- [THE TASK]
An exact reproduction of the listing, minus the pictures, is the required output.

- [DATA]
----------------------------------------

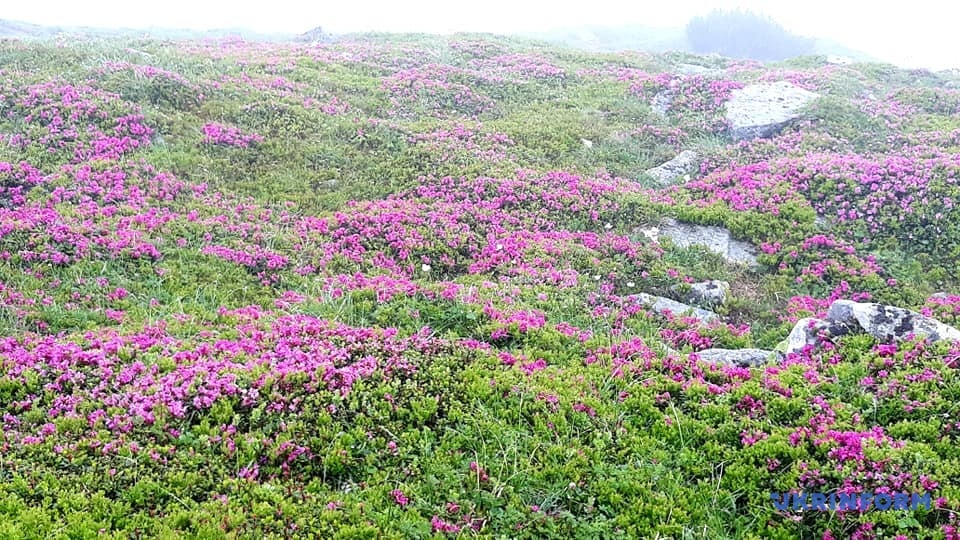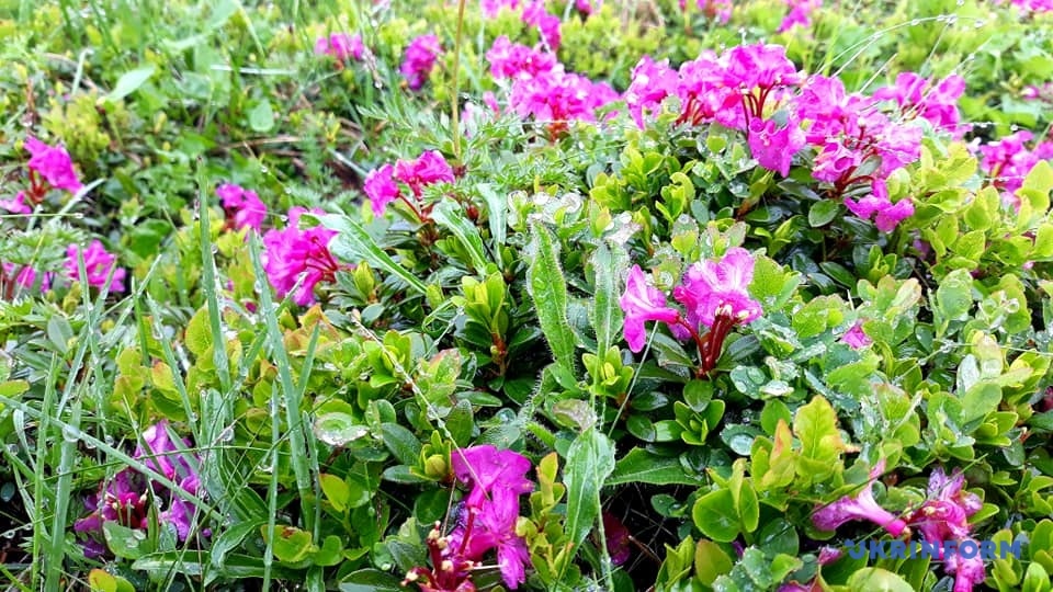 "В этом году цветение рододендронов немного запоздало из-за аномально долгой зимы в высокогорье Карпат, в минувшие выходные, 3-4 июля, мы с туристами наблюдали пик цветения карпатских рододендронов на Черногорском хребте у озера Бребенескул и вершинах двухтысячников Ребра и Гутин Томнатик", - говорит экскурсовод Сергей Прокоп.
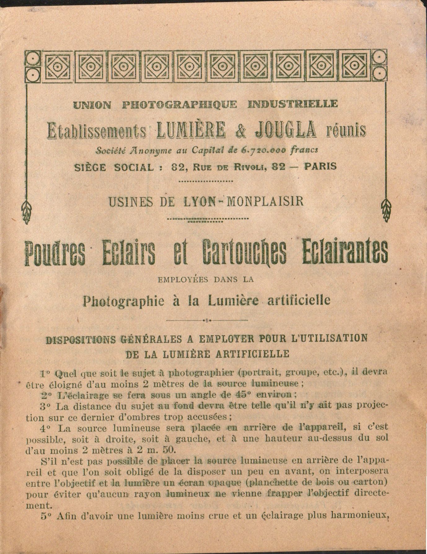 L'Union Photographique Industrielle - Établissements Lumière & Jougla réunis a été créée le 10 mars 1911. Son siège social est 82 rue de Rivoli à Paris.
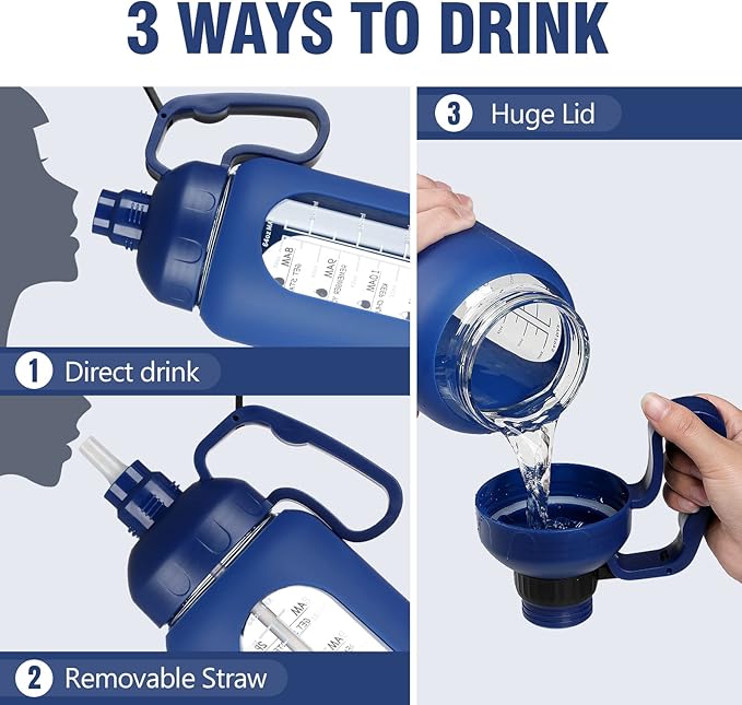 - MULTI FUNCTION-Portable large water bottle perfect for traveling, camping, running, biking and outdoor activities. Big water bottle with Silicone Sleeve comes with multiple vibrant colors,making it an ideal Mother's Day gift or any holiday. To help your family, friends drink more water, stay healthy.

----------------------------------------

- [SOLUTION TO THE PROBLEM]
 "В этом году цветение рододендронов немного запоздало из-за аномально долгой зимы в высокогорье Карпат, в минувшие выходные, 3-4 июля, мы с туристами наблюдали пик цветения карпатских рододендронов на Черногорском хребте у озера Бребенескул и вершинах двухтысячников Ребра и Гутин Томнатик", - говорит экскурсовод Сергей Прокоп.
 L'Union Photographique Industrielle - Établissements Lumière & Jougla réunis a été créée le 10 mars 1911. Son siège social est 82 rue de Rivoli à Paris.
 - MULTI FUNCTION-Portable large water bottle perfect for traveling, camping, running, biking and outdoor activities. Big water bottle with Silicone Sleeve comes with multiple vibrant colors,making it an ideal Mother's Day gift or any holiday. To help your family, friends drink more water, stay healthy.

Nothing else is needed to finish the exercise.